Task prompt: Everything from the line that contains "executivas e parlamentares." to the final line of the data, both ends included, must be set down exactly, apart from the pictures.

Data provided:

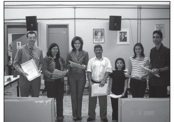
Projetos como o Infância Protegida tiveram o apoio da Câmara.

executivas e parlamentares. Em 2006, espera-se que continue a crescer a participação da comunidade tanto nas
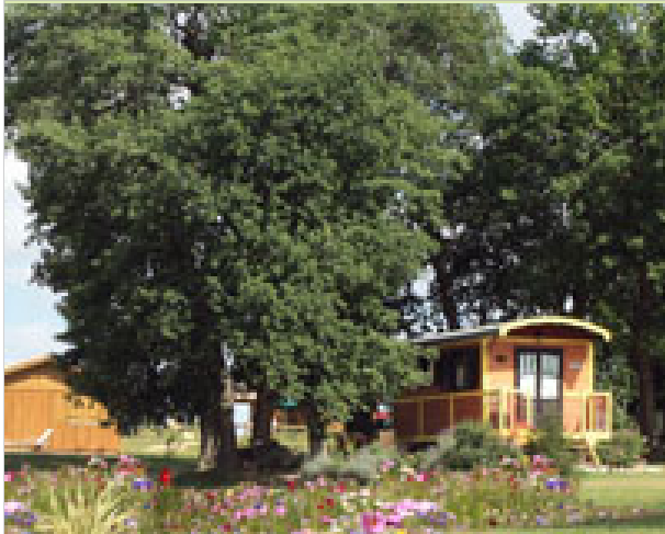
Domaine des Cadets de Gascogne - Tuko du Ramier 32500 PAUILHAC

Task result:
executivas e parlamentares. Em 2006, espera-se que continue a crescer a participação da comunidade tanto nas
Domaine des Cadets de Gascogne - Tuko du Ramier 32500 PAUILHAC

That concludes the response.